Modi’s call for a self-reliant India has been echoed by Home Minister Amit Shah, the cabinet’s unofficial No. 2, in a television interview. If Indians don’t buy foreign-made goods, the economy will see a jump, he said. The strategy — although it’s too nebulous yet to call it that — has a geopolitical element. A military standoff with China is under way, apparently triggered by India’s completion of a road and bridge near the common border in the tense Himalayan region of Ladakh. It’s very expensive to fight even a limited war there. With India’s economy flattened by COVID, New Delhi may be looking for ways to restore the status quo and send Beijing a signal.

Economic boycotts, such as Chinese consumers’ rejection of Japanese goods over territorial disputes in the East China Sea, are well understood as statecraft. In these times, it’s not even necessary to name an enemy. An undercurrent of popular anger against China, the source of both the virus and India’s biggest bilateral trade deficit, is supposed to do the job. But is it ever that easy?

A hastily introduced policy to stock only local goods in police and paramilitary canteens became a farcical exercise after the list of banned items ended up including products by the local units of Colgate-Palmolive Co., Nestle SA, and Unilever NV, which have had significant Indian operations for between 60 and 90 years, as well as Dabur India Ltd., a New Delhi-based maker of Ayurveda brands. The since-withdrawn list demonstrates the practical difficulty of bureaucrats trying to find things in a globalized world that are 100% indigenous.

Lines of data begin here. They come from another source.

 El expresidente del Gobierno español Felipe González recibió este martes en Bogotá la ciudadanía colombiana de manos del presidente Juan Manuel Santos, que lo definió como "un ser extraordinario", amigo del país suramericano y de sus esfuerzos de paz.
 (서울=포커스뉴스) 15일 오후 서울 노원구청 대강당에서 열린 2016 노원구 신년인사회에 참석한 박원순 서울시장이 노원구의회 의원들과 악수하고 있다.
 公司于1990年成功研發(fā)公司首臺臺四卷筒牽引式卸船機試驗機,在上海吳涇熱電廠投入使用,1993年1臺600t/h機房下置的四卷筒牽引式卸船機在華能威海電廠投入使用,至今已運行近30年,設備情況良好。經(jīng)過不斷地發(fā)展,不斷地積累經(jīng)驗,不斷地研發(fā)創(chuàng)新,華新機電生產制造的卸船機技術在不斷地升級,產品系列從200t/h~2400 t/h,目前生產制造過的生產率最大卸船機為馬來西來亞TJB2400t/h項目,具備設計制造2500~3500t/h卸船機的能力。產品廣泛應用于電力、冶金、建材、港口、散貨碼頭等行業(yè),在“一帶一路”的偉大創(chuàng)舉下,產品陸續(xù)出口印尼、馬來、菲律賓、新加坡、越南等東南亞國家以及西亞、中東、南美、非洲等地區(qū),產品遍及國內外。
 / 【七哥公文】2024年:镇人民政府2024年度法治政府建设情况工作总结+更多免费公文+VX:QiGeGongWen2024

Free-trade champions fret that the prime minister, whom they saw as being on their side six years ago, is acting against their advice to dismantle statist controls on land, labor and capital to help make the country more competitive. Engage with the world more, not less, they caution. But Modi also has to satisfy the Rashtriya Swayamsevak Sangh, the umbrella Hindu organisation that gets him votes. Its backbone of small traders, builders and businessmen — the RSS admits only men — was losing patience with the anemic economy even before the pandemic. Now, they’re in deep trouble, because India’s broken financial system won’t deliver even state-guaranteed loans to them.

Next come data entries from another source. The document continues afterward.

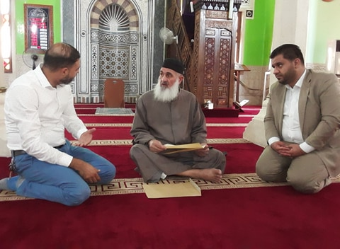 وفد المدرسة الخالصية من سماحة آية الله العلامة الشيخ جواد الخالصي .. يقدمون بعد صلاة العصر في حرم جامع ام الطبول وسط العاصمة العراقية _ تهنئة لسماحة مفتي الجمهورية بمناسبة عيد الأضحى المبارك . المكتب الاعلامي / دار الافتاء العراقية الأربعاء 13 ذي الحجة 1440 هجرية 14 آب 2019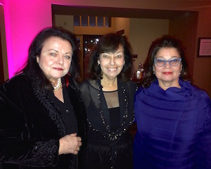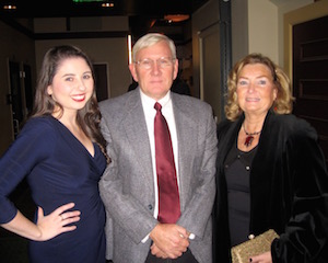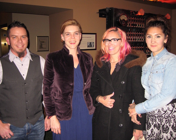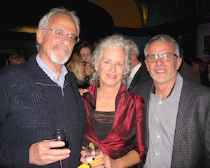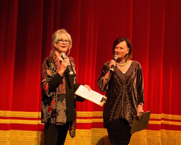 Rachel Louchen reports from Pittsfield. For the sixth year of the Made in the Berkshires festival – a three-day showcase of theater, music, dance, visual arts, filmmaking and the written word – the opening night was preceded by a gala honoring one of the Berkshires' most notable talents and a fervent supporter of the arts, Karen Allen. At the Colonial Theatre on Friday, Nov. 11, guests arrived for a cocktail hour and a chance to peruse the visual art installation, CROP, before sitting down for a dinner catered by Kate Baldwin. Throughout the meal, select attendees stood to speak about Karen; friends, former costar James Naughton and even her ex-husband all mentioned her kindness, hard work and above all, total devotion and love for living in, and producing creative work in, the Berkshires. Post-dinner, Hilary Somers Deely and Barbara Sims, co-creators of the festival, announced the night's entertainment, a performance that highlighted the upcoming weekend's activities. [Above, Karen Allen is flanked by longtime friend Tim Lovett and Barbara Schulman.]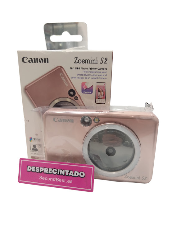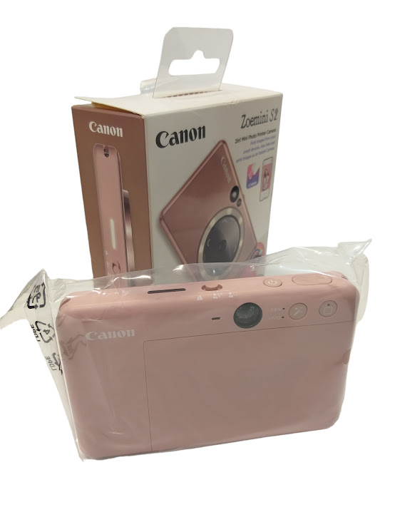 Hazte un selfi con la cámara instantánea Canon Zoemini S2, en rosa, y revisa tu pose con la visión en directo desde la aplicación Canon Mini Print. ¿Te has quedado sin papel? Guarda tus favoritas en la tarjeta Micro SD para imprimirlas más tarde.

The U.S.-China tensions — over trade, intellectual property, COVID responsibility and Hong Kong’s autonomy — offer a perfect backdrop. A dire domestic economy and trouble at the border provide the foreground. Big business will dial economic nationalism up and down to hit a trifecta of goals: Block competition from the People's Republic; make Western rivals fall in line and do joint ventures; and tap deep overseas capital markets. The first goal is being achieved with newly placed restrictions on investment from any country that shares a land border with India. The second aim is to be realized by corporate lobbying to influence India's whimsical economic policies. As for the third objective, with the regulatory environment becoming tougher for U.S.-listed Chinese companies like Alibaba Group Holding Ltd., an opportunity may open up for Indian firms.

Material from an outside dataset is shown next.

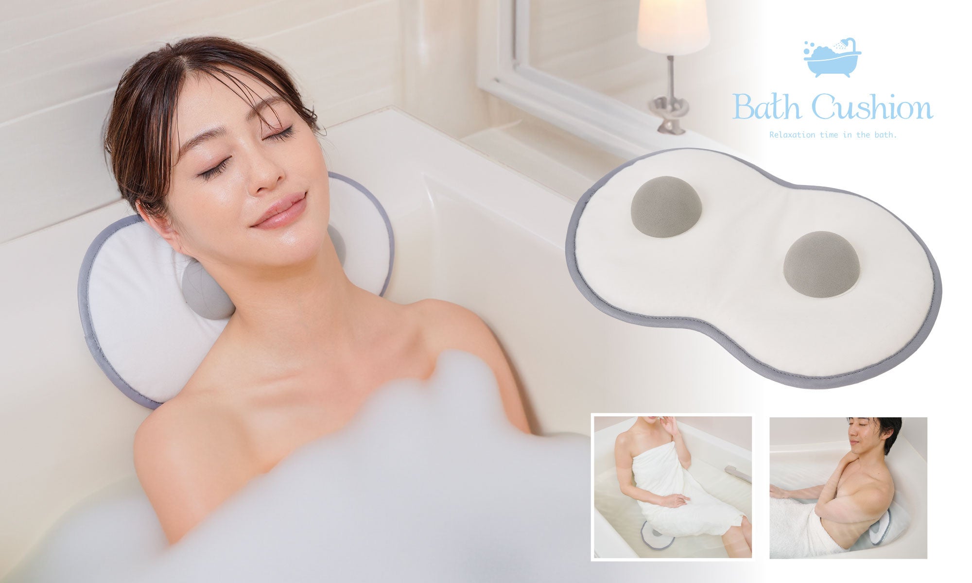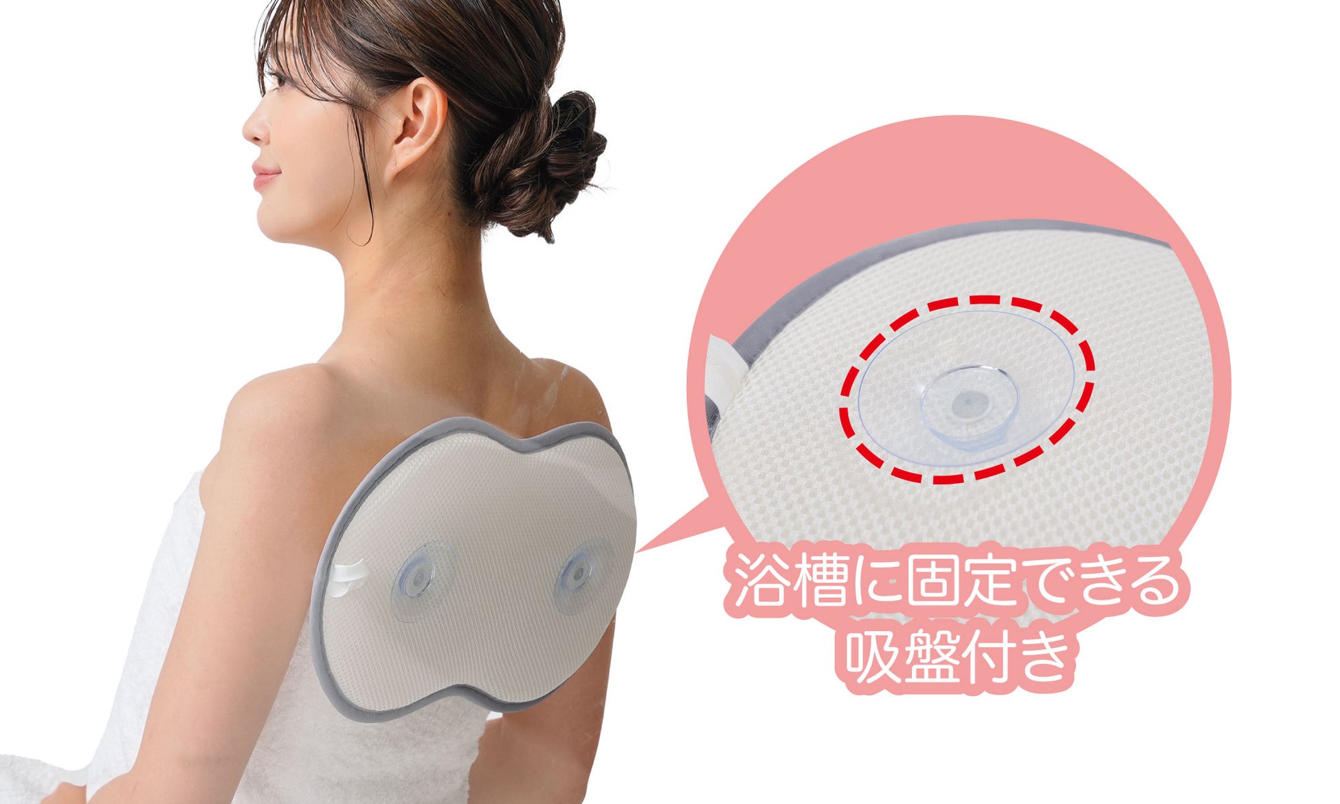 「コリほぐしバスクッション」はお風呂専用のクッションです。ほどよい硬さの2つの「ほぐしボール」がグイッと筋肉のコリにアプローチ!

All this may bring India Shenzhen-style enclaves of manufacturing and trade, but it will concentrate economic power in fewer hands, something that worries liberals. They’re moved by the suffering of India’s low-wage workers, who have borne the brunt of the COVID shutdown. But when their vision of a more just society and fairer income distribution prompts them to make common cause with the ideological Left, they’re quickly repelled by the Marxist voodoo that all cash, property, bonds and real estate held by citizens or within the nation “must be treated as national resources available during this crisis.” Who will invest in a country that does that instead of just printing money?

At the same time, when liberals look to the business class, they see a sudden swelling of support for ideas like a universal basic income. They wonder if this isn’t a ploy by industry to outsource part of the cost of labor to the taxpayer. Slogans like Modi’s vocal-for-local stir the pot and thicken the confusion. The value-conscious Indian consumer couldn’t give two hoots for calls to buy Indian, but large firms will know how to exploit economic nationalism. One day soon, I’ll get my mangoes — from them.